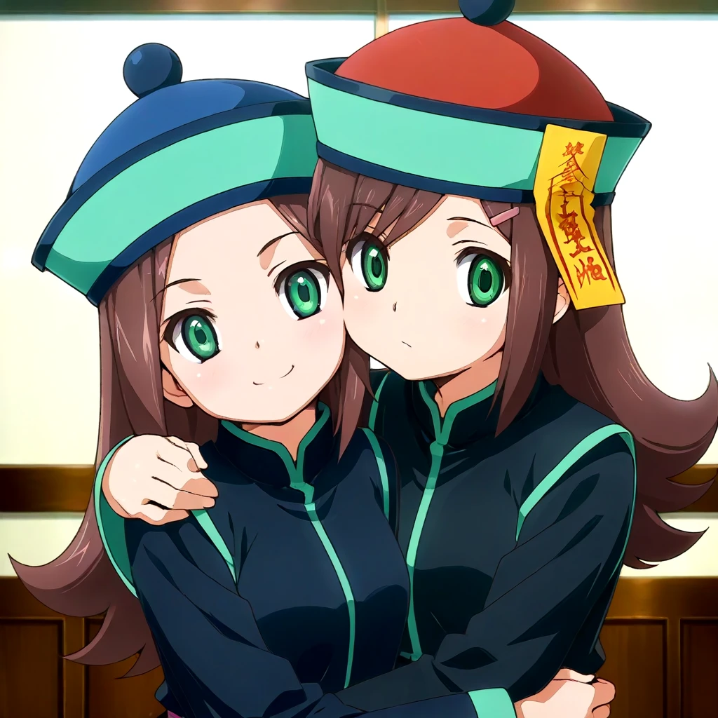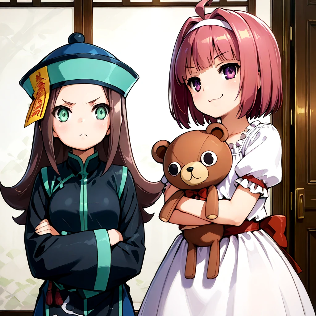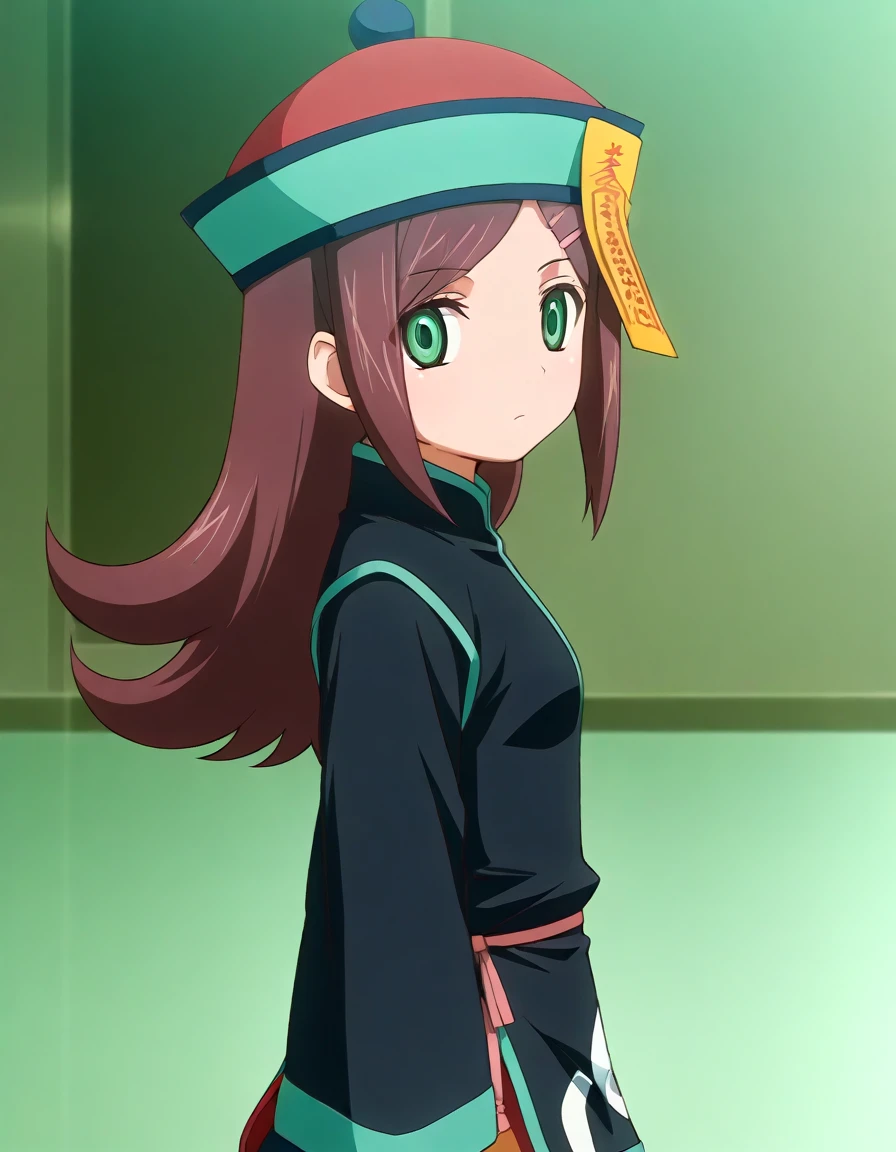 anan, red hat, hairclip, chinese clothes, ofuda, skirt
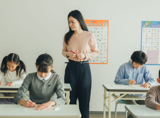 先生の仕事内容のメインは算数・数学、英語、国語の3教科の学習を通じて、子どもたちの成長をサポートすること。一斉授業は行わず、「自学自習」形式で子どもたち自身の力を引き出し、一人ひとりの「やる気」を育みます。
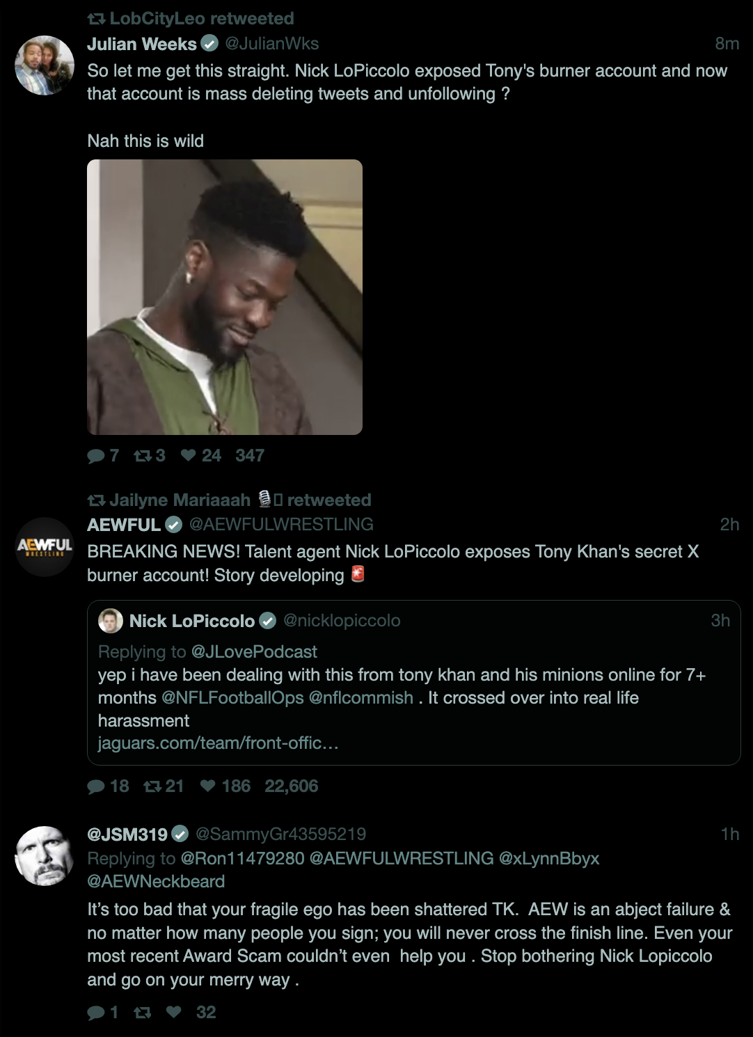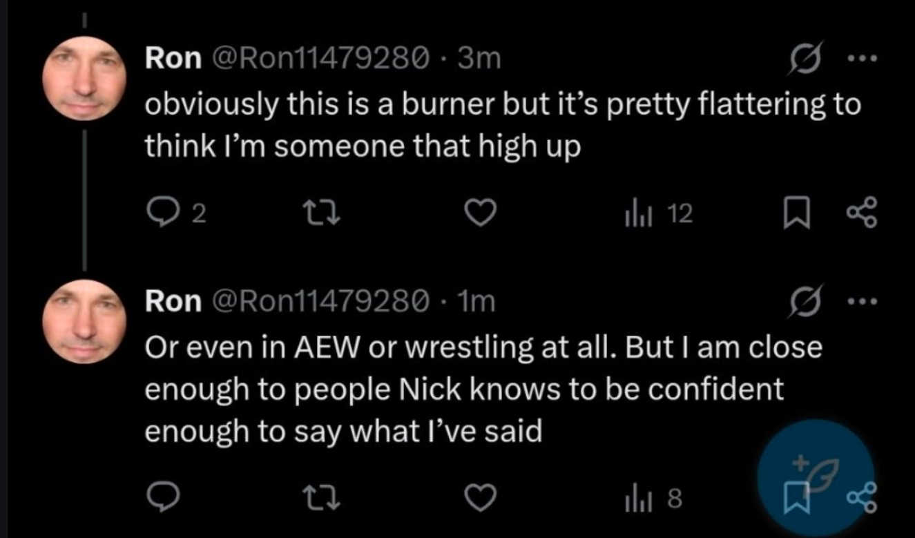 >>19769949More proof that CripplePig posts here all day, because he also keeps posting about this random guy obsessively on his Twitter, all because "Nicky" makes fun of AEW.

Your objective: Set down the data above verbatim, omitting every image.

Your response:
 anan, red hat, hairclip, chinese clothes, ofuda, skirt
 先生の仕事内容のメインは算数・数学、英語、国語の3教科の学習を通じて、子どもたちの成長をサポートすること。一斉授業は行わず、「自学自習」形式で子どもたち自身の力を引き出し、一人ひとりの「やる気」を育みます。
 >>19769949More proof that CripplePig posts here all day, because he also keeps posting about this random guy obsessively on his Twitter, all because "Nicky" makes fun of AEW.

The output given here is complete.